═══ TASK INPUTS ═══

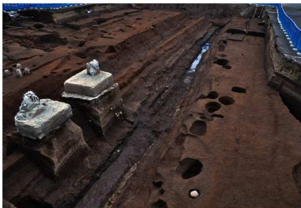
SD120 (完掘状況：北西から)
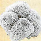
Polen en tétrades de Typha latifolia
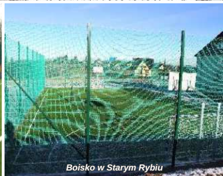
Boisko w Starym Rybiu
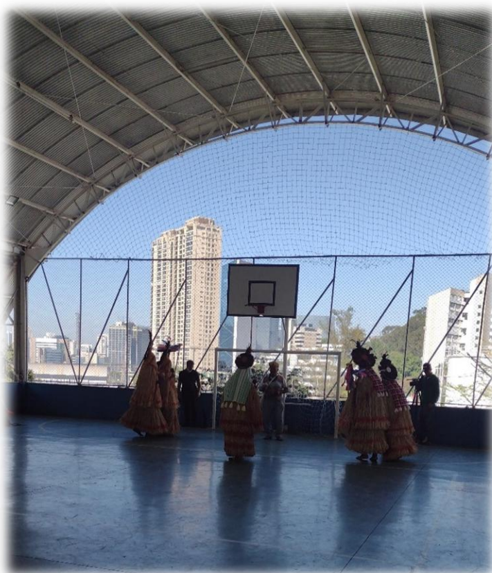
Figura 13- Dança dos Praiá – Encontro Anual Pankararu (2022)

a intenção do ato de tradução como ato performático —dança dos praiás foi a de evocar e construir no imaginário público dessas arenas a —cara de índio, a —língua de índio e o deslocamento histórico e geográfico que os constringia à invisibilidade. Visibilizando assim um mecanismo de —tomada de consciência do arbitrário contra o preconceito fenotípico, linguístico e político-administrativo

═══

_EXERCISE GOAL_
Write out the lines of the records exactly, starting at the one holding "Figura 13- Dança" and ending with the last line, and include no others.

_RESPONSE TO THE EXERCISE_
Figura 13- Dança dos Praiá – Encontro Anual Pankararu (2022)

a intenção do ato de tradução como ato performático —dança dos praiás foi a de evocar e construir no imaginário público dessas arenas a —cara de índio, a —língua de índio e o deslocamento histórico e geográfico que os constringia à invisibilidade. Visibilizando assim um mecanismo de —tomada de consciência do arbitrário contra o preconceito fenotípico, linguístico e político-administrativo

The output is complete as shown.